La città dei vivi. Nicola Lagioia. Einaudi 2020
È un degrado che avvolge persone, ambienti e valori, quello che Lagioia ci illustra in questo libro, non un romanzo ma il racconto di un efferato fatto di cronaca.
La prima protagonista è la stessa città di Roma nel marzo 2016, livida e funerea, senza un sindaco ma con due papi; accerchiata da ratti e gabbiani che contendono la rapacità all’inchiesta denominata Mondo di Mezzo, famosa anche come “Mafia Capitale”.
Poi ci sono i tristemente famosi ragazzi invischiati nella storia: Luca Varani, la vittima, ed i due assassini Manuel Foffo e Marco Prato. Immediatamente dopo, grazie alla visibilità mediatica data dai social e dalla tv, troviamo i familiari e, in ultimo, tutti gli amici ed i conoscenti che, nel terzo capitolo del libro, sono appunto definiti il coro.
Con un ritmo giornalistico incalzante lo scrittore ci conduce nella vicenda, riesaminando quasi a ritroso tutti gli episodi per giungere al crescendo parossistico di alcool e droga che hanno poi portato al primo terribile epilogo. Il secondo si sarebbe poi consumato l’anno successivo con il suicidio di Marco Prato in carcere alla vigilia del processo.
Vite spezzate quindi in cui si possono solo intravedere le debolezze di giovani che, pur appartenendo a sfere sociali diverse e con differenti storie personali, hanno in comune una dolente necessità di vivere al di fuori di un comportamento morale, o perlomeno di sfida nei riguardi dei limiti imposti dal vivere in società. Poiché però le vite irrimediabilmente compromesse appartengono a persone reali, non è possibile dare un giudizio e, in qualche modo, lo stesso Lagioia non si sbilancia.

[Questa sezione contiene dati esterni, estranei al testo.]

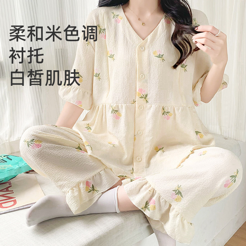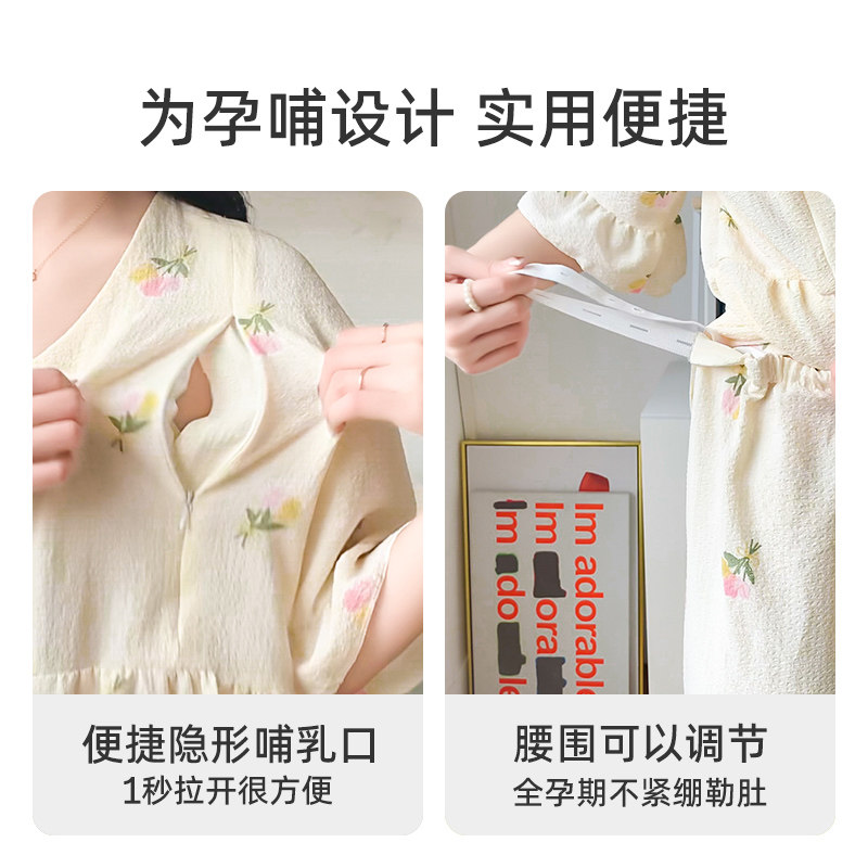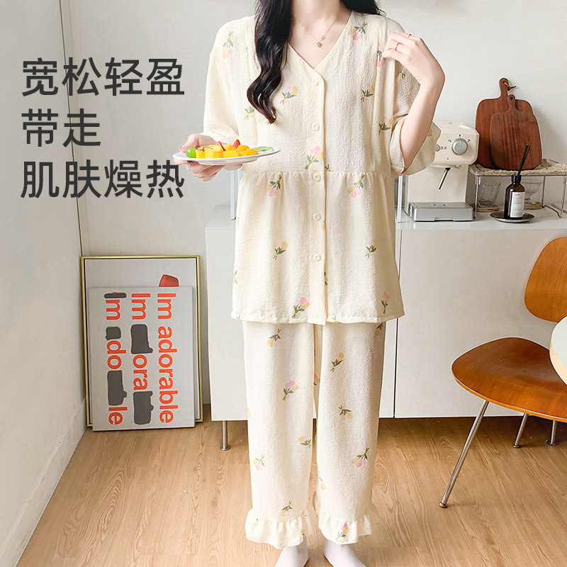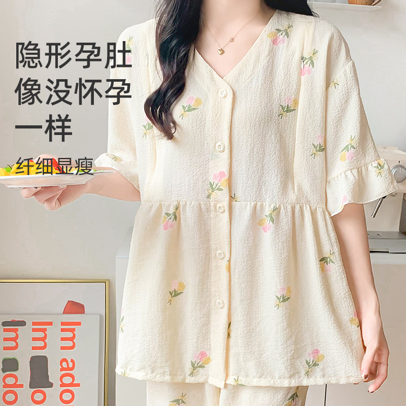 婧麒月子服夏季薄款产后孕妇睡衣女4月份5产妇喂奶哺乳短袖家居服
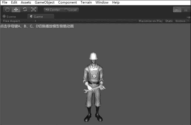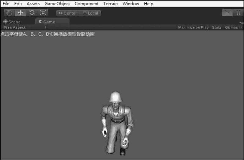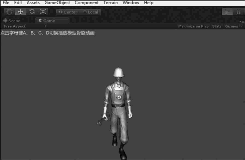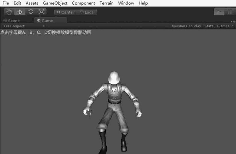 GUILayout.Label("按字母键A、B、C、D切换播放模型骨骼动画");
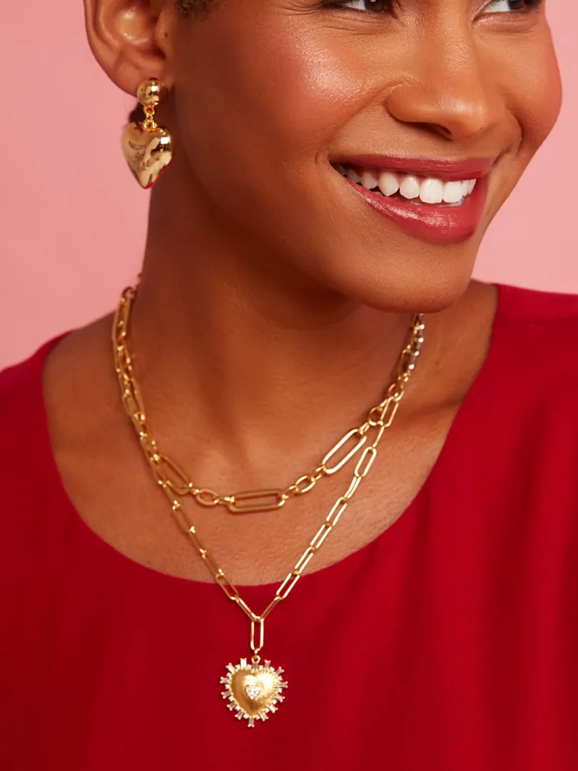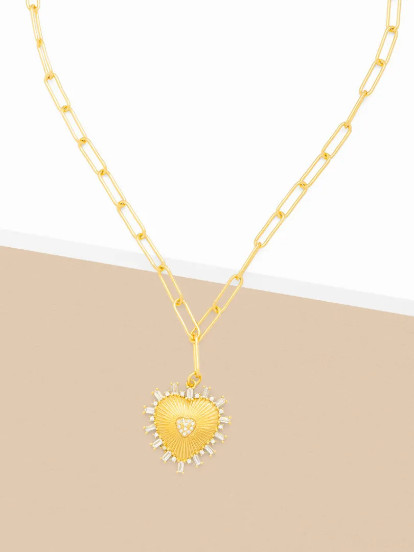 Your love story begins with a beautifully embellished heart pendant sparkling with crystals.
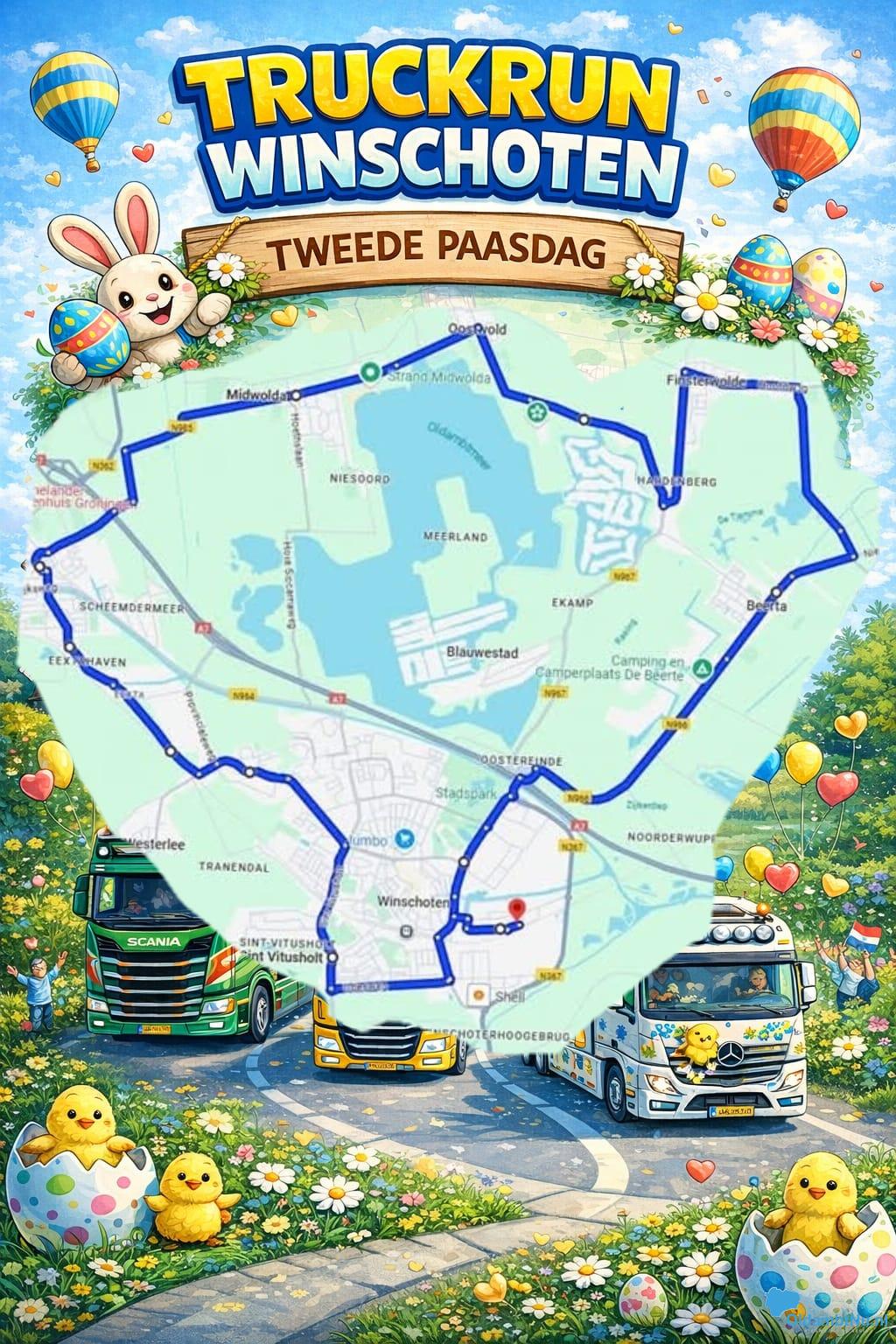Dit is de route van de Truckrun op tweede paasdag 2026
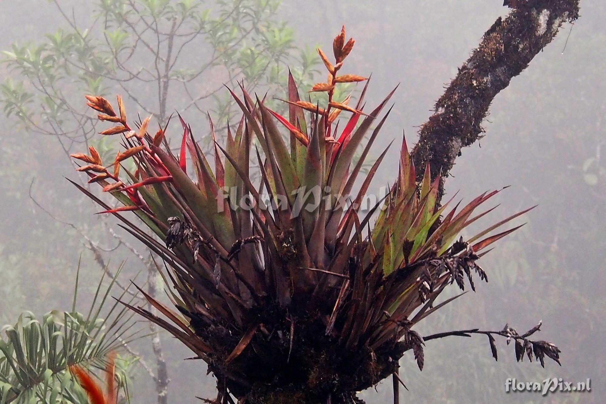 (Uploaded as: Aechmea confinis var caudata?) Locality: Ecuador, Loja Province - Photographed on Route 682 south of Loja in or near Podocarpus Park. Growing epiphytically high in trees along the road and in the forest. Elevation: 2516 meters. Photographer: Jerry Raack Note: I was unable to get close to any of these clumps to take closeup photos. However, based off the photos and the description I read in the Encylopedia of Bromeliads I think this may be Aechmea confinis var caudata based on the very long lower primary bracts, and the rest of the description which basically fits T. confinis. These were fairly large plants growing to about 70 or 80 cm high. (Sent: brom-l@science.uu.nl) Identification: solved

Un buon risultato è dunque questo libro che si potrebbe definire una “non fiction novel”, anche se due inserimenti narrativi, avulsi alle vicende centrali, non sono a mio avviso funzionali e, addirittura, non convincenti all’intera architettura letteraria. Il primo è costituito dall’episodio del pedofilo olandese, personaggio che, pur estraneo agli avvenimenti, serve a rimarcare il degrado cui è arrivata Roma. Poco calzanti anche gli inserti autobiografici, quasi a sottolineare il sottile livello che ci separa, in alcuni momenti della nostra vita, a compiere azioni che, volutamente o meno, possono danneggiare gli altri; ma un conto è farlo nella, pur tarda, adolescenza, un altro in età adulta, o presunta tale.